Gash menopang dagunya. "Kau pernah cicip cinnamon cake?"
Aku mengerutkan dahi. Nama itu terdengar sangat asing. Aku menggelengkan kepala. "Ti... dak. Tahu saja tidak."
Gash tiba-tiba mengangkat tangannya. Seorang pelayan menghampirinya dengan langkah lebar. Pelayan itu, seperti pelayan lainnya, tersenyum ramah ke arahnya, walau Gash berbicara sambil menatap sofa yang kosong di hadapannya. Sepertinya mereka sudah sering menghadapi lelaki buta ini.
"Satu cinnamon cake, untuk gadis manis ini." Gash tersenyum.
"Itu saja?"
"Yup. Itu saja sementara ini. Nanti aku akan memesan lagi kok, tenang saja."
Pelayan itu buru-buru meninggalkannya. Wah, tempat ini makin lama makin ramai juga ternyata. Aku berusaha untuk tidak terus menatap keadaan di café. Entah kenapa akhir-akhir ini aku agak khawatir melihat kerumunan orang. Aku mengelus-elus pelan sofa yang kududuki. Ada banyak manusia di sini, orang sungguhan. Mereka bernapas, berbicara, makan... sangat menyenangkan sepertinya. Tiba-tiba rasa tidak nyaman menyambarku. Rasanya ada sesuatu yang membelah dadaku. Rasa bersalah.
Apakah aku telah merenggut kehidupan bahagia pria yang kubunuh saat itu?
Aku mengembuskan napas panjang. Ingatan itu berputar lagi di kepalaku. Aku menutup erat kedua mataku, lalu membukanya lagi. Sosok berdarah-darah itu belum hilang di kepalaku. Kututup lagi mataku, lalu kugelengkan kepalaku, kemudian kubuka lagi. Tidak, pria yang terbujur mengerikan di atas jalanan itu masih menghantuiku. Mengitari tiap ruang di kepalaku seraya melolongkan suara mengerikan dari mulutnya yang berdarah-darah.
"Erlyn, aku ada di sini.
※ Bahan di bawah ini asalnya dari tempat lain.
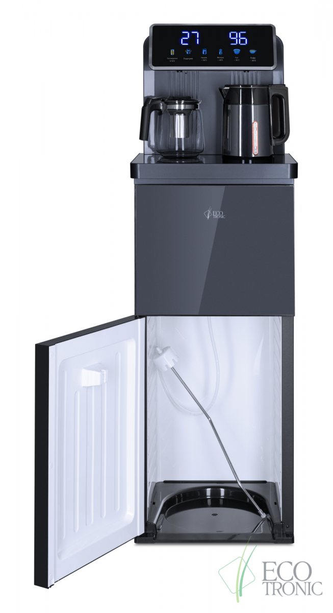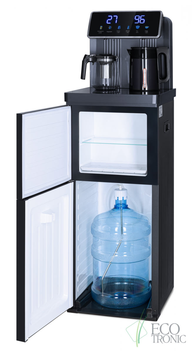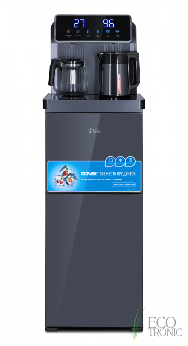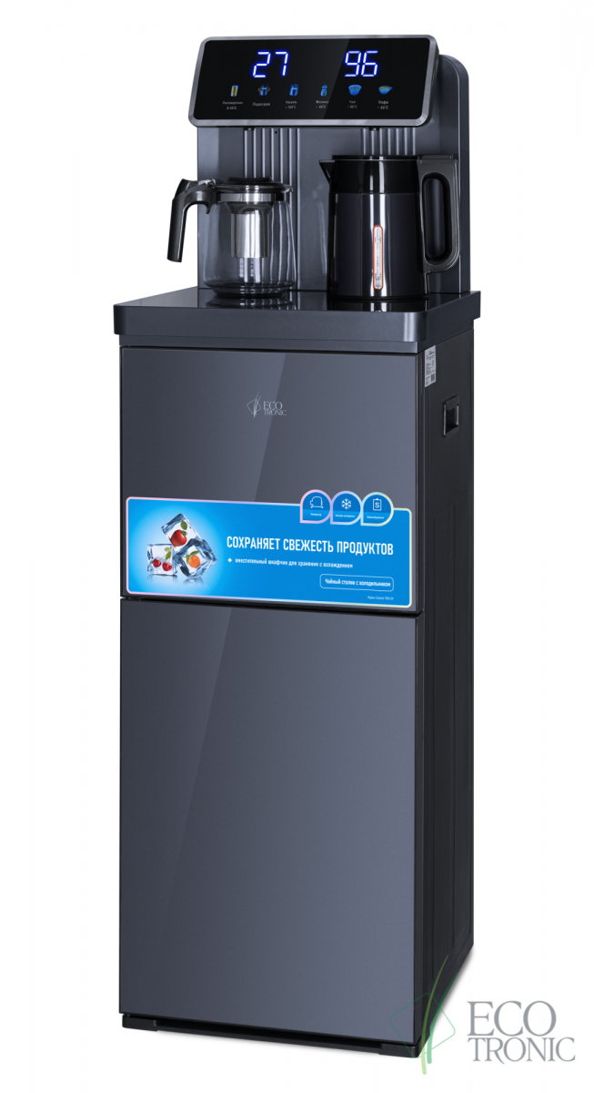 Кулер с чайным столиком Тиабар Ecotronic TB35-LFR dark grey с холодильником имеет функцию нагрева и подачу воды комнатной температуры
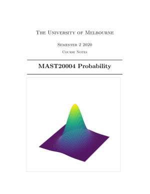 Take a look through the beautifully typeset and detailed pages in the preview! The entire course is covered and in great detail. I achieved a very high H1 (95 First Class Honours) in the subject. **Includes an A4 Exam Cheatsheet at the back.** Includes all distributions, with explanations, graphs, properties and warnings! Comprehensive course notes that I created that summarise the *entire* course content and include many useful warnings and tips included! Summarises all lectures and textbook material. Perfect for those who are looking to have a compact REFERENCE to assist during the semester. Probability is a challenging and theoretical subject, so practice regularly and keep up to date! Outline of topics 1. Axioms of Probability 2. Conditional Probability 3. Random Variables 4. Discrete Distributions 5. Continuous Distributions 6. Bivariate Random Variables 7. Generating Functions 8. Limit Theorems 9. Stochastic Processes

Ada apa? Tanganmu bergetar...."
Aku menoleh ke arah Gash. Ia mengarahkan wajahnya ke arahku. Kedua matanya yang tertutup entah mengapa terlihat seperti tatapan sedih. Terlihat jelas kerutan yang timbul di dahinya.
"Aku tidak mengapa," terangku lembut. "Sungguh."
Gash meremas tanganku. Baru saat itu kusadari tangannya menggenggam tangan kananku yang sedari tadi hanya meraba sofa dengan tidak jelasnya. "Kalau ada masalah, ceritakanlah kepadaku. Aku tidak mau kau merasa tertekan seperti itu. Tiap kali aku mendengarmu murung seperti itu membuatku sedih, kau tahu? Aku mengkhawatirkanmu, sungguh."